Но такого пока не случалось, берега были полны, но реку держали уверенно. Витька бродил между вытолкнутых льдин и тоскливо глядел на большую, мутную воду, сплевывал на землю тонкой струйкой сквозь зубы. Никола тоже был здесь, сидел на бревне и, улыбаясь, следил за Витькой. Учился цвиркать слюной, как это ловко делал дружок, но ничего не получалось, слюна вытекала на бороду и Никола размазывал ее рукавом. Витька был сегодня у паромщика, просил лодку, чтобы поставить мордушки, но тот отказал, сославшись на то, что надо бы после зимы лодку просмолить. Да и вода, больно уж большая, опасная вода.

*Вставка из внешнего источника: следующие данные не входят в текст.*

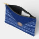 With a mood of the seaside and summers at the Cape, the original collage by ZoeSPEAK on this small Accessory Pouch is definitely casual chic. Done in the style of a clutch bag, in marine blue and white, the flap of the purse is textured dark blue with a white edge. The rest of the bag is blue with white to light blue shapes like water droplets in a zigzag pattern. A sea shell completes the picture, acting as a closure on the point of the flap. The shell is a scallop shell in shades of warm beige and light brown.

Прошло еще несколько дней. Лодку просмолили, утащили на воду и испытали, – нигде не подтекала. Красота! Вода все еще была большая, тащила разный мусор, ветки, коряги, но уже пореже, очищалась река. Солнышко припекало неимоверно, насквозь прожигая заплатанную Николину шинель, с обрезанным подолом, доставшуюся ему от Ивана. Но от воды тянуло сыростью и холодом. В береговых тальниках шныряли туда, сюда мелкие птахи, радовались весне, радовались жизни и теплу. Никола наблюдал за ними с детским восторгом, широко растворив глаза и вытягивая улыбку от уха до уха.

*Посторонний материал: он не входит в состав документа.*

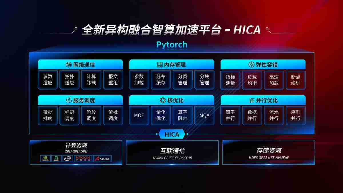 通过自研的服务层、、、中间适配层、、、以及调度编排算法,,,,采用数据并行、、、、模型并行等多种并行方式,,把并行计算任务进行有效的分解,,,,使其分别由相应的软件栈和算力资源来承接。。。。当GPU资源变化,,HICA可以实时动态调度计算子任务并调整模型拓扑和架构,,,以充分聚合各种算力资源。。。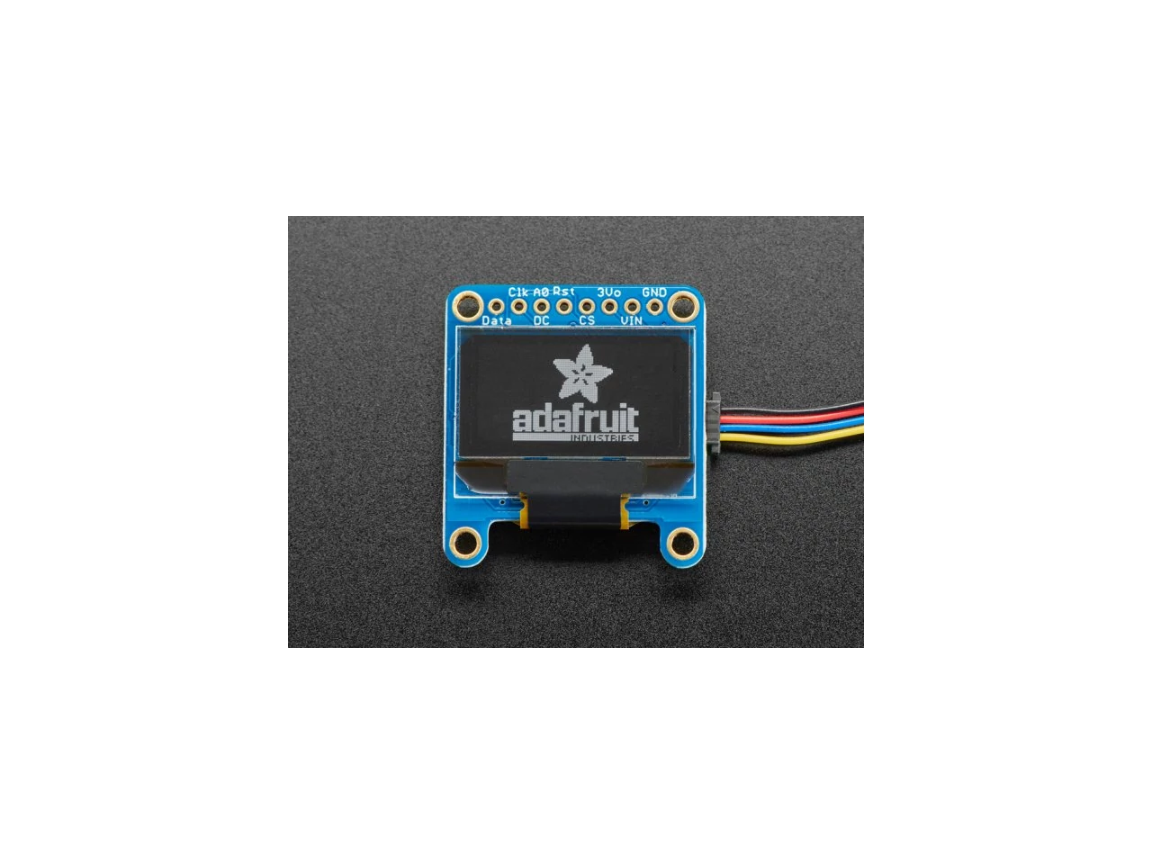 These displays are small, only about 1" diagonal, but very readable due to the high contrast of an OLED display. This display is made of 128x64 individual white OLED pixels, each one is turned on or off by the controller chip. Because the display makes its own light, no backlight is required. This reduces the power required to run the OLED and is why the display has such high contrast; we really like this miniature display for its crispness!

– Все готово! Залезай! – Витька держал весла, а в лодке топорщились мордушки. – Поедем рыбу ловить. Никола перестал улыбаться и, как-то сник, потух. Глаза, правда, так и остались распахнутыми, и на погрустневшем лице казались неестественно большими, просто огромными. Он, повинуясь воле друга, медленно и неохотно залез в лодку, уселся на лавочку, ухватился руками за борта и замер. Голову опустил низко, чтобы не смотреть на мутную воду.

Витька накинул весла на уключины и, оттолкнувшись, запрыгнул:

– Ни боись, Никола, ща рыбки хапнем, утолим зимний голод. – Стал сильно, прогибаясь в спине, загребать веслами, все дальше и дальше отходя от берега, правя в сторону залива.

Уже залив был близок. Еще несколько гребков веслами, и лодка бы сошла с течения, занырнула бы в залив, в стоячую, спокойную воду, куда и стремился Витька, но….

Какие-то мелкие пузырьки вдруг окружили лодку, да так плотно, плотно пузырились, здесь же стали всплывать и более крупные пузыри. Витька перестал грести и наблюдал за водой с открытым ртом, а вода, словно кипела, выталкивая на поверхность все больше и больше воздуха. В какой-то момент кипение оборвалось, но тут же началось новое движение: течение ринулось вспять, потом в разные стороны. Лодку развернуло и закрутило так стремительно, что Витька бросил весла и ухватился за борта. Неведомый страх сковал обоих, а лодку все крутило, крутило. И вот вода стала стремительно белеть, белеть…. Это со дна поднималось огромное поле осенца, того самого льда, который намерзал всю зиму на дне реки и теперь, дождавшись своего часа, всплывал, освобождая, очищая русло.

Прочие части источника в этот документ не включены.